Actual results: CNV is not deployed in 15min timeout


Expected results: CNV gets deployed


Additional info:

I consulted it with Simone T. and he claims that there is some problem with common-templates-kubevirt-hyperconverged is not progressing anymore and it's just a dirty condition on hco.

Comment 1 Simone Tiraboschi 2020-04-14 13:03:19 UTC
This is just a kind of false positive on HCO side.
The real issue was only https://bugzilla.redhat.com/1823699 on network component.

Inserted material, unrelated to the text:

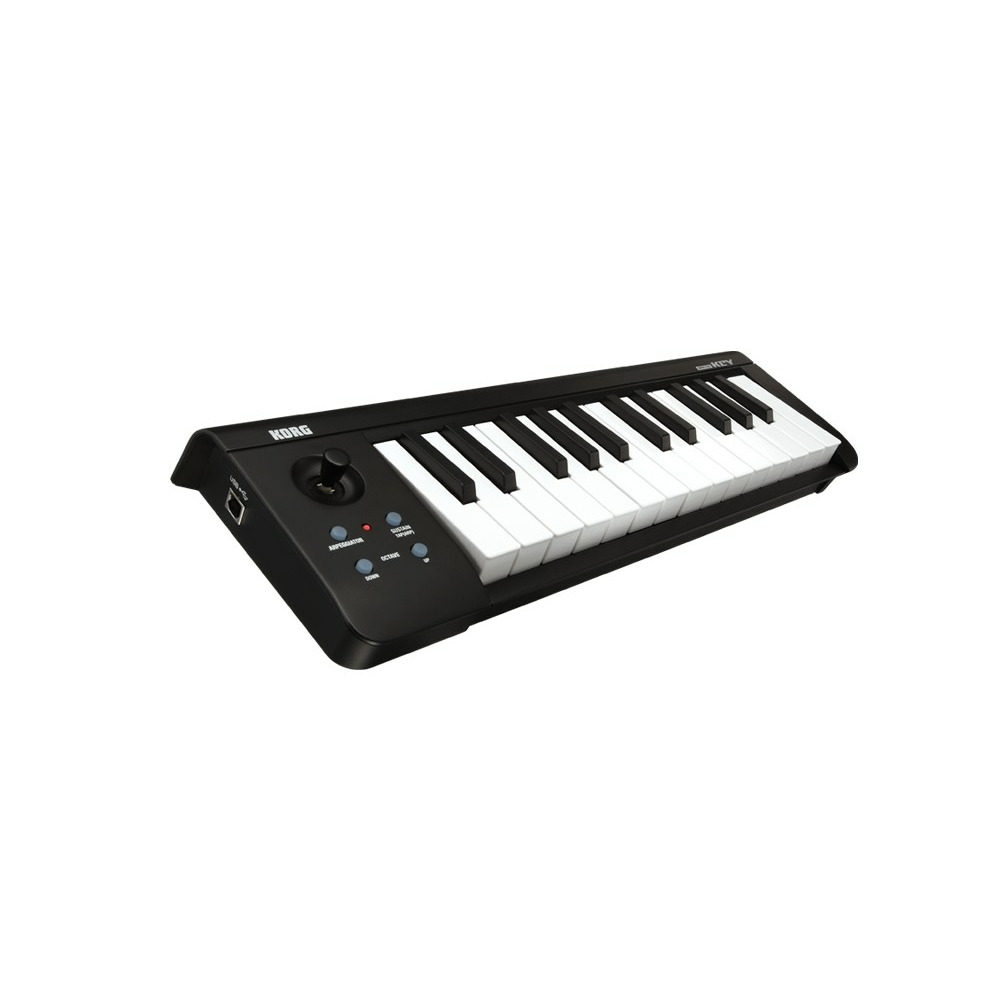 KORG MICROKEY2-25 BLUETOOTH MIDI KEYBOARD – компактная беспроводная MIDI клавиатура, популярная модель от известного производителя, простая и удобная в использовании, обладающая широкими возможностями. Это модель из второго поколения линейки microKEY, которая сохранила все достоинства предшествующих моделей и получила ряд новых современных функций, в том числе возможность беспроводного соединения, поддержку iPad и iPhone. KORG MICROKEY2-25 Air - универсальная модель, которая отличается простотой конструкции, маленькими размером и весом, удобством коммутации. Это младшая модель линейки с 25-клавишной мини-клавиатурой. Подключение осуществляется по Bluetooth или через разъем USB. Клавиатура совместима с компьютерами под управлением Windows и Mac OS. Электропитание клавиатуры осуществляется от двух батарей типа АА или через кабель USB. Примерный срок работы от батарей – 30 часов. К этой модели нельзя подключать педали, но имеется специальная кнопка, которая выступает в роли демпферной педали. Для настройки параметров звучания, в том числе использования арпеджиатора, используется специальный джойстик. Размеры клавиатуры всего 39,5 см х 13,1 см, высота – 5,2 см. Вес – 670 г. Эту миниатюрную модель удобно перевозить, её можно брать с собой в поездки и путешествия. В комплекте с клавиатурой поставляется большой набор программного обеспечения для работы с аудио материалом - как ПО для компьютера, так и приложения для мобильных устройств: KORG Gadget Le и KORG Module Le.

But due to how condition handling is currently implemented in HCO,
HCO will continue reporting past bad conditions on other components (even if now fixed) until all the components are fully positive.
See:
https://github.com/kubevirt/hyperconverged-cluster-operator/blob/master/pkg/controller/hyperconverged/hyperconverged_controller.go#L334
HCO will reset all of its conditions in a single shot if and only if no components reported any negative condition.

Comment 3 Lukas Bednar 2020-07-22 12:00:15 UTC
I did not experience this issue in past 30 builds (last build was v2.3.0-486).
I believe we can consider this issue as solved.

Comment 6 errata-xmlrpc 2020-07-28 19:09:47 UTC
Since the problem described in this bug report should be
resolved in a recent advisory, it has been closed with a
resolution of ERRATA.

For information on the advisory, and where to find the updated
files, follow the link below.

If the solution does not work for you, open a new bug report.

https://access.redhat.com/errata/RHSA-2020:3194